While not all of these visitors had direct experience with Myanmar, many were well-versed in the challenges of pitching Asian stories to British and American publishers, and they were under no illusions that the situation here would be any different.
Hong Kong-based literary agent Kelly Falconer – who describes herself as representing “Asian authors, experts on Asia, and writers living in Asia, be they Asian or not” – said she looks for works that will sell in the English-language market and have appeal to Western readers.
“I’m looking for fine writing, something that really captures my heart and takes my breath away, and that I hope will have a similar effect on anyone who reads it in the UK or the USA,” she said.
Falconer – whose clients include poet Ko Ko Thett, co-editor and translator of the 2012 anthology of Myanmar poetry Bones Will Crow – said that while she thinks the appeal of Asian literature is growing in the West, there are many challenges to overcome, including the tendency for agents, editors and readers to “reach out for the familiar”.
“I think there are editors and agents who are looking for something to confirm their prejudices … Readers in the West often want something that’s very familiar.
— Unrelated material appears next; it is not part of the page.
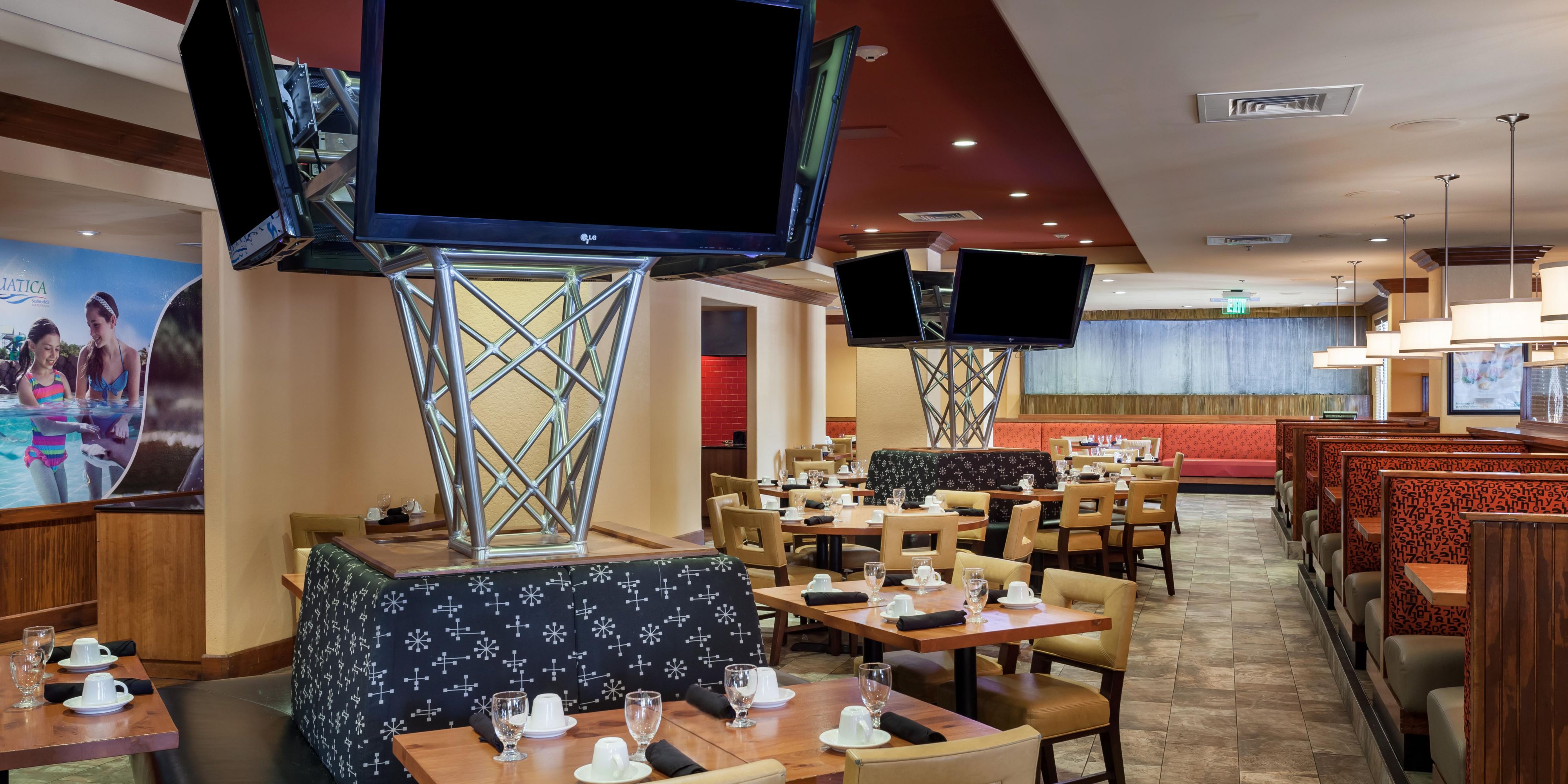 The Grill offers a variety of options including appetizers, sandwiches, salads, seafood entrees and steaks grilled over an open flame. Choose from 8 draft beers while watching sporting events on 18 HD TVs. Open breakfast and dinner.

They’re reading about the Cultural Revolution in China and are still trying to understand how China has reached the point it has today,” she said.
“But my fiction writers are writing about what’s going on now, and I’m finding it challenging to convince the West that these are the fresh voices of Asia.”
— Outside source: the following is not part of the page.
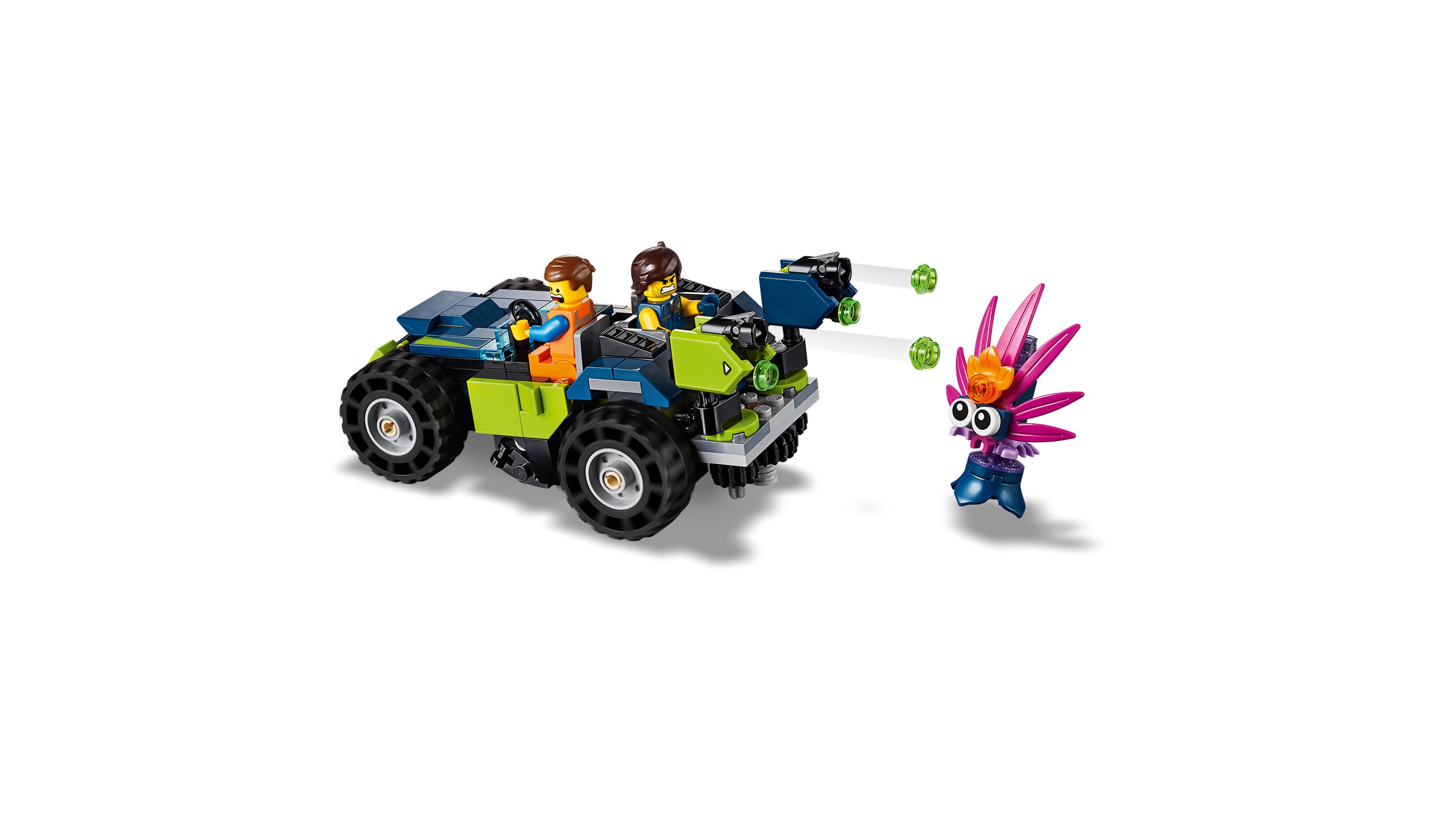 Позашляховик Rex із динозавром-розвідником на динозавровому квадроциклі чи потужному динозаврі. Позашляховик оснащений двома сидіннями для мініфігурок і обертовою вежею та двома шпильками ззаду. Динозавр має клацаючі щелепи, рухливі ноги, 2 гвоздики та знімну збірну рушницю (нефункціональну), яку також можна помістити в руку мініфігурки. Відтворіть екшн-сцени з THE LEGO MOVIE 2 за допомогою 2 мініфігурок і фігурки тварини, яку можна скласти.

Michael Vatikiotis, a writer and journalist who has published several fiction and nonfiction works on Southeast Asia, agreed that the world of publishing often relies on perpetuating stereotypes.
“A publisher will fixate on something that’s worked – the Harry Potter of India – and everything else just falls off a cliff,” he said.
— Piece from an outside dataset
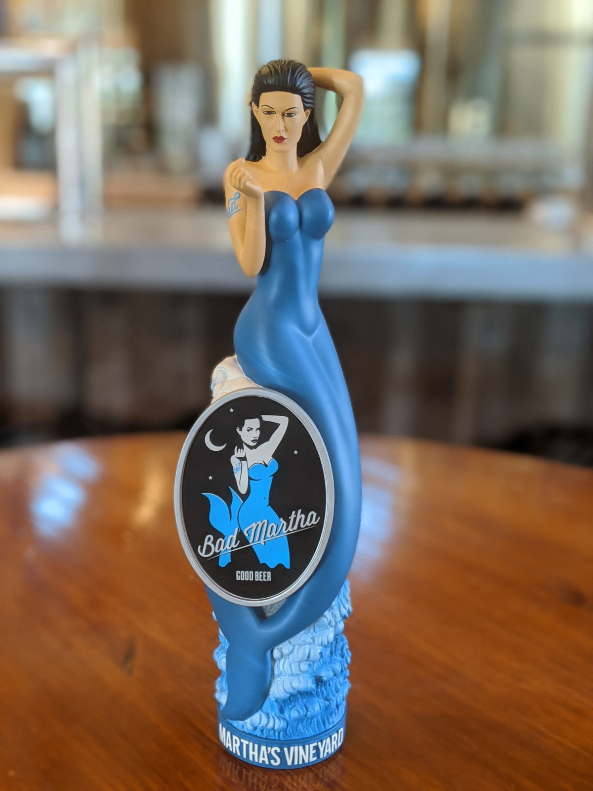 The Bad Martha tap handle is a custom build and very unique and eye-catching. The tap handle depicts Bad Martha herself beckoning and perched on a rock surrounded by the sea. The words Martha's Vineyard surround the reinforced base.

He cited Indonesia – the subject of much of his writing – as an example of a country that can be a hard sell to Western readers.
“Indonesia is probably one of the most colorful and interesting countries in the world … [but] there’s a rather bleak view of Indonesia – that it’s a dark, forbidding place that people do not really enjoy reading about.”
Writer Dipika Mukherjee, whose 2011 novel Thunder Demons is set in Malaysia, said she constantly struggles with the issue of how to connect with readers in the West.
“Malaysia is not a country that is very big in the American imagination. I think places like Thailand are a lot larger in terms of what people know about it,” she said. “So although there is interest, I think I have a much larger following in Malaysia, where they really get what I was trying to do with this book.”
Kerry Glencorse, a literary agent based in London who represents Golden Parasol (2013) author Wendy Law-Yone, said many readers prefer being “spoon-fed” stories that are easy to digest, making it difficult for books about unfamiliar cultures to break out of a small niche.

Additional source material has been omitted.